Seeing the blackened faces of the raiders, her first reaction was to assume that they were fire-fighters. “Is the house on fire?” she asked.
Once it became clear that the men were British soldiers, Mrs Pittard was keen to assist. She offered them tea, showed them local maps, and told them where they could find Germans nearby. She even offered to escort them, but they declined her help. She gave them recent newspapers, which would later reveal to the British government and public some of the war crimes taking place in the Channel Islands. They took samples of her food, for analysis. Realising that her life would be at risk, they offered her a place on their motor torpedo boat back to England that night, but Mrs Pittard refused.

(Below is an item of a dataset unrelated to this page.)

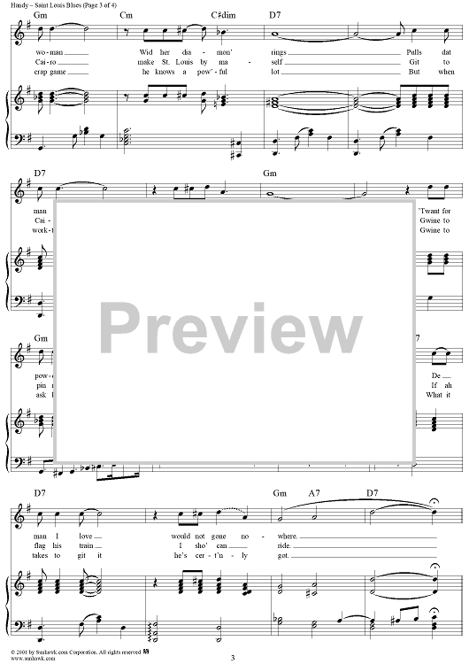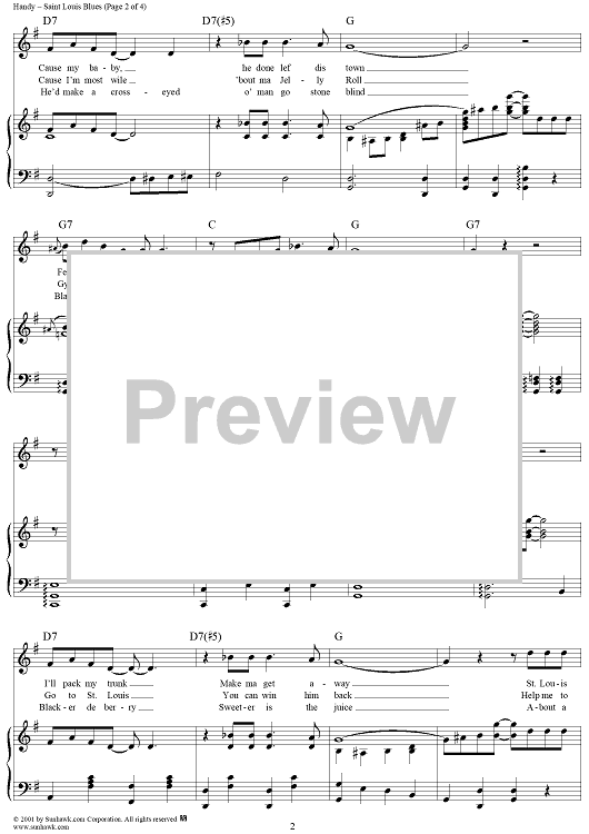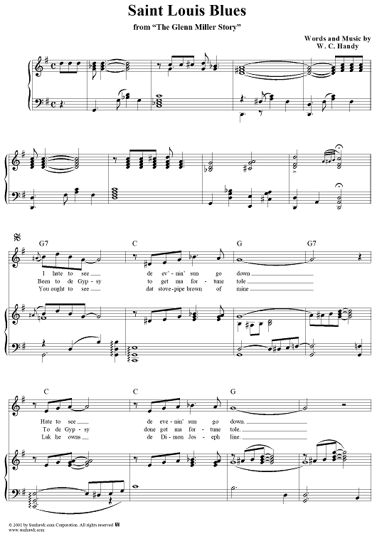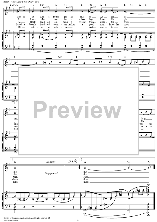 Digital Sheet Music for Saint Louis Blues by W. C. Handy scored for Piano/Vocal/Chords; id:267194

Following the raid, during which several Germans were killed and one captured, suspicion fell on Mrs Pittard as one who may have helped the commandos with information. She was arrested and jailed for a time on the neighbouring island of Guernsey. After a few months, she returned to Sark – but only for a brief visit. She was then deported, together with many other islanders, to a detention camp in Germany.
With the war's end, some writers suspected the Mrs Pittard had fallen victim to German vengeance. One wrote that she ‘may never come back … but [her] bravery will live on’. Another, the mother of the legendary Danish-born commando Anders Lassen, wrote four years after the war that ‘not a word had been heard of her since. She is one of this war's many martyrs...’
But in fact she survived the camp in Germany, and returned to Sark, living there until her death in 1969. Her modest grave can be found there today, by St Peter's Church, just next to the graves of the Dame and Seigneur of Sark.